Your task> Pictures must not appear in the copy. Restate exactly the lines below from the one with "Espátula o miserable" through the one with "Den store legegarage", inclusive.

-*-

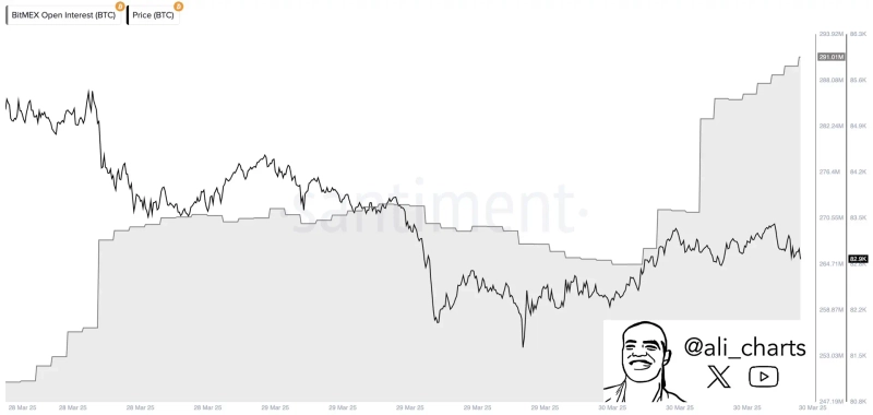 On the 31st (local time), cryptocurrency analyst Ali Martinez stated on X that "over the past 48 hours, Bitcoin open interest on BitMEX has surged from $250 million to $291 million."
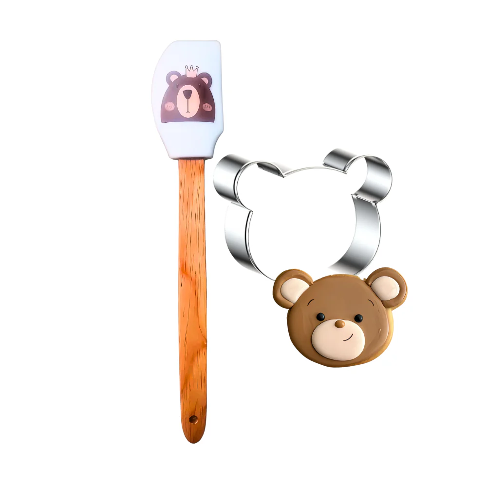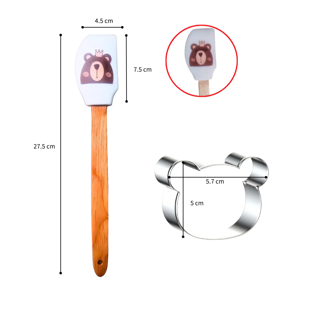 Espátula o miserable con mango de madera y espátula de silicón flexible con diseño de cara de oso. Cortador de lámina en diseño de cara de osito
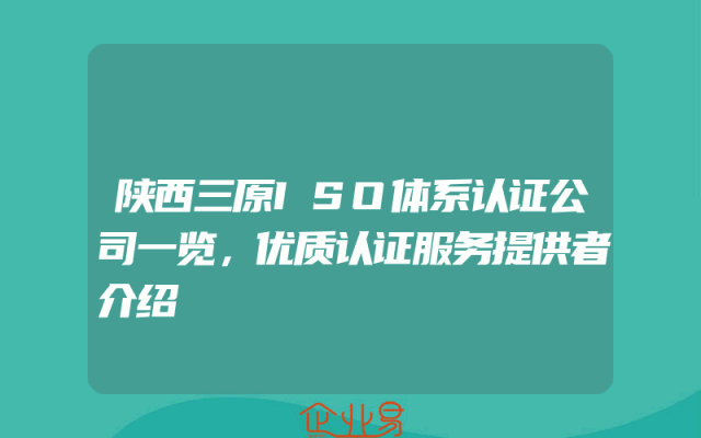 - 陕西三原ISO体系认证公司一览,优质认证服务提供者介绍
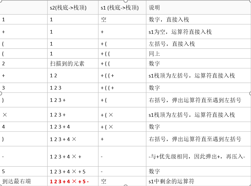举例说明:将中缀表达式“1+((2+3)×4)-5”转换为后缀表达式的过程如下:
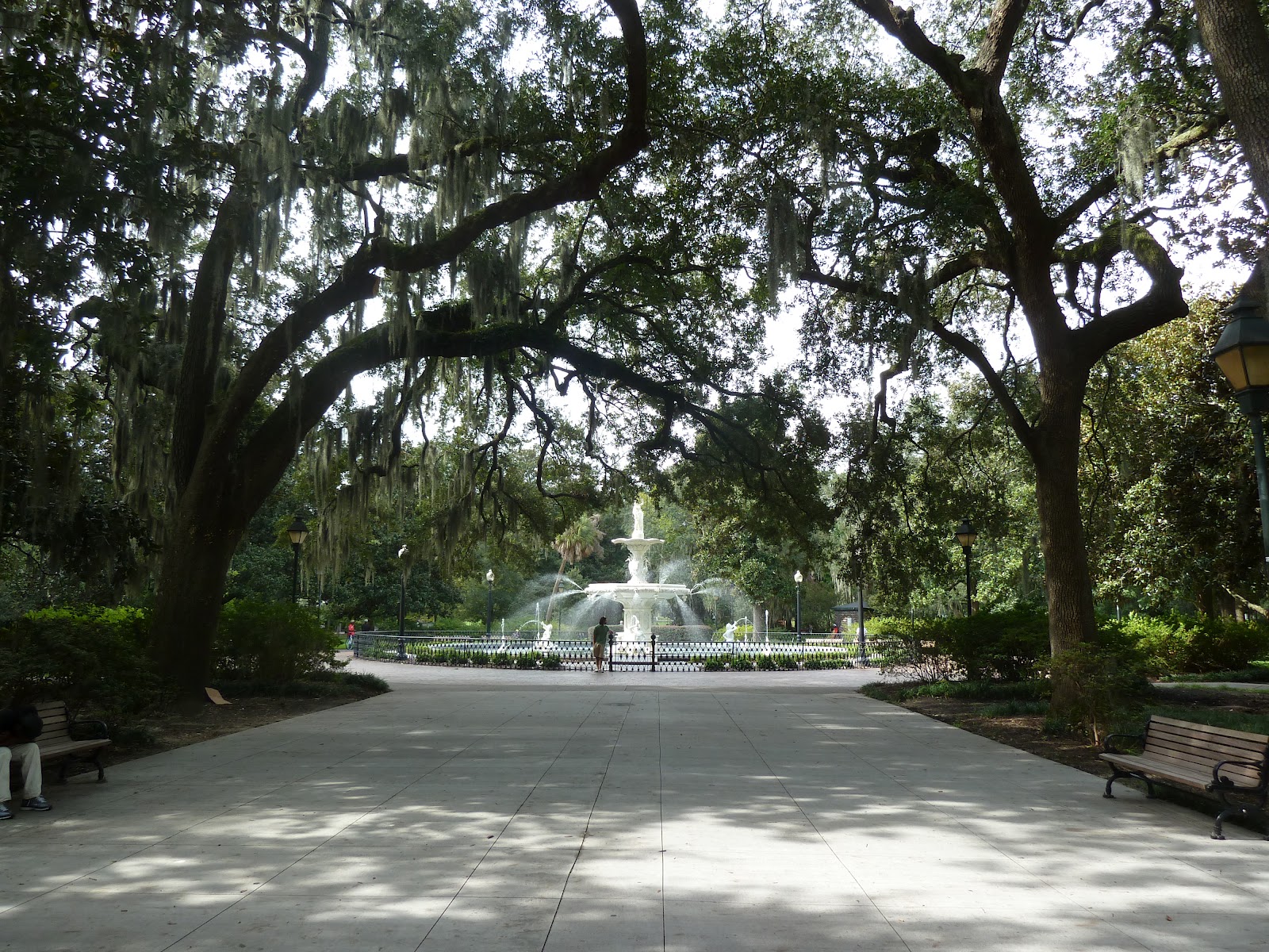 So now that you've seen what I walked around in Savannah in, let's get down to what I saw. Honest opinion, Savannah is gorgeous. We stayed in a petite queen room (read: the cheapest one) at the Marshall House and it was all the space we needed. The hotel is over 150 years old and still has all the original floors, doors, and ghosts. There was a complimentary breakfast every morning (not your average cereal and yogurt affair, although they did offer both cereal and yogurt) and wine tasting every night (can't say it was the best wine I've tasted, but I appreciated the effort). The hotel was also right on Broughton, pretty darn central in the historic district.
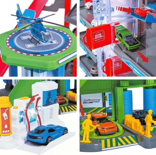 Den store legegarage Super City har en imponerende bredde på næsten 1,30 m og er et helt nyt flagskibsprodukt i Majorette-universet. Den tilbyder syv legeområder og op til 35 parkerings- og opbevaringspladser, hvilket gør det muligt for børn at skabe deres egne bil-eventyr.
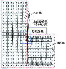 为解决采用传统的“压扁-还原”的机织方法制备三维纺织品预制体成型的局限性问题,通过深入研究织造连续性、整体性T结构预制体的成型技术,采用以正交组织为基础,通过经纱接结绑定,以机织的方法织造梁高与底面厚度相等且一次成型的T结构三维机织物。对织造工艺进行优化改进,织造了接结纱跨越不同的纬纱列数的2种T结构三维机织物,测量了不同区域的尺寸。结果表明:1个完整组织循环中,为使跨越底面区域的浮线下沉且满足织造尺寸要求,底面区域纱线数约是总纱数的一半;当纬纱跨越2个纬纱列时,织物表面的平整度和成型性更好。
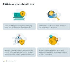 No entanto, embora os números de crescimento pareçam impressionantes, alguns participantes do mercado alertam que a adoção efetiva da tokenização de RWA ainda está em estágio inicial. Obstáculos regulatórios, falta de estruturas padronizadas e ceticismo dos investidores em relação à forma como esses tokens são lastreados continuam sendo os principais desafios. Uma das principais preocupações em relação aos tokens RWA é como os emissores garantem que cada token permaneça totalmente lastreado pelo ativo do mundo real correspondente.
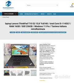 Lenovo ThinkPad T15 G2 Ricondizionato Grado A, notebook di fascia Business ( professionale ) affidabile e performante con Intel i5-1145G7 di 11ª generazione, 16GB RAM e SSD da 256GB per velocità e multitasking senza rallentamenti. Dotato di tastiera italiana retroilluminata, è ideale per lavoro, smart working, ufficio; Qualità professionale eccelso per casa, scuola. Dispositivo testato e garantito, in eccellenti condizioni estetiche e funzionali. Incluso nel prezzo garanzia professionale OnSite ( a domicilio ) per 24 Mesi ! Sistema Operativo Windows 11 Pro già installato pronto all’uso IVA 22% detraibile ( fattura elettronica ) , disponibile anche per Bonus Carta Del Docente e Dote Scuola. Display 15.6" Full HD 1920 x 1080 Antiriflesso IPS Tastiera Italiana Originale retroilluminata Estesa Anno di produzione 2022 Processore Intel Core i5-1145G7 up to 4.40GHz, with IPU RAM Installata16GB ( 2×8 ) DDR4-3200 RAM MAX64GB Hard Disk SSD NVMe M.2 256GB professionale Scheda Grafica Integrata Intel Iris Xe Graphics Sistema Operativo Windows 11 Pro ( licenza originale Microsoft ) Software Installati Sistema Operativo, Driver certificati, BIOS aggiornato, software di base Webcam HD 720p con chiusura privacy Sistema di altoparlanti Dolby Audio, Microfoni a lunga distanza a due canali USB Type-c 2x USB-C (1 Thunderbolt 3) 2 x USB 3.1 di prima generazione (1 sempre attiva) Wi-Fi 6 802.11 AX Bluetooth 5.2 Ethernet LAN RJ-45 HDMI 1.4 Lettore Schede Lettore schede microSD Jack Audio Jack combinato cuffie/microfono Batteria Perfetta 57Wh con supporto per RapidCharge Carica Batterie Originale alimentazione CA da 65W con supporto per RapidCharge Lettore di impronte digitali touch Match on Chip Dimensioni (A x L x P) 1,91cm x 36,6cm x 24,8cm Peso 1,75kg Disponibile anche sul nostro sito con spedizione gratuita ( vedi ultima foto )

-*-

Exercise output>
 Espátula o miserable con mango de madera y espátula de silicón flexible con diseño de cara de oso. Cortador de lámina en diseño de cara de osito
 - 陕西三原ISO体系认证公司一览,优质认证服务提供者介绍
举例说明:将中缀表达式“1+((2+3)×4)-5”转换为后缀表达式的过程如下:
 So now that you've seen what I walked around in Savannah in, let's get down to what I saw. Honest opinion, Savannah is gorgeous. We stayed in a petite queen room (read: the cheapest one) at the Marshall House and it was all the space we needed. The hotel is over 150 years old and still has all the original floors, doors, and ghosts. There was a complimentary breakfast every morning (not your average cereal and yogurt affair, although they did offer both cereal and yogurt) and wine tasting every night (can't say it was the best wine I've tasted, but I appreciated the effort). The hotel was also right on Broughton, pretty darn central in the historic district.
 Den store legegarage Super City har en imponerende bredde på næsten 1,30 m og er et helt nyt flagskibsprodukt i Majorette-universet. Den tilbyder syv legeområder og op til 35 parkerings- og opbevaringspladser, hvilket gør det muligt for børn at skabe deres egne bil-eventyr.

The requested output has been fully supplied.